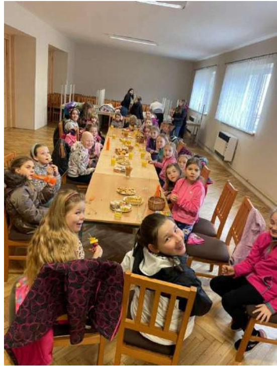
Výprava se smrtkou proběhla také v Doubravníku.
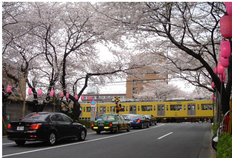
中野通りの桜と西武新宿線

私たちは、一人ひとりが、みずから決定し、行動し、参加して自治を担うことで、心豊かな、いきいきとしたまちをつくります。
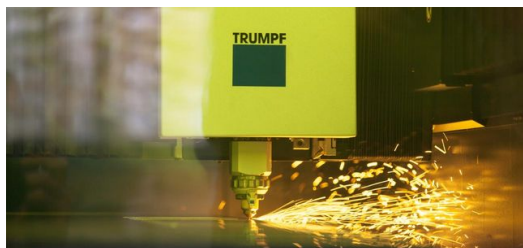
Seit März machen die Mitarbeiter bei FBT den Zuschnitt von Dünnblech und Platinen mit ihrer neuen TruLaser 3030.
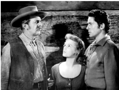
1949 ROSEANNA McCOY (Roseanna McCoy) d'Irving Reis avec Raymond Massey, Joan Evans
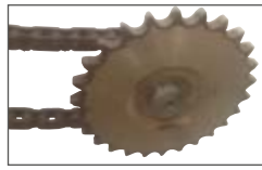
По запросу цепной привод

◆ TASK PROMPT
The lines from the one containing "私たちは、一人ひとりが、みず" to the last line of the records, both included: print exactly those and nothing else, leaving out any pictures.

◆ SOLUTION TO THIS TASK
私たちは、一人ひとりが、みずから決定し、行動し、参加して自治を担うことで、心豊かな、いきいきとしたまちをつくります。
Seit März machen die Mitarbeiter bei FBT den Zuschnitt von Dünnblech und Platinen mit ihrer neuen TruLaser 3030.
1949 ROSEANNA McCOY (Roseanna McCoy) d'Irving Reis avec Raymond Massey, Joan Evans
По запросу цепной привод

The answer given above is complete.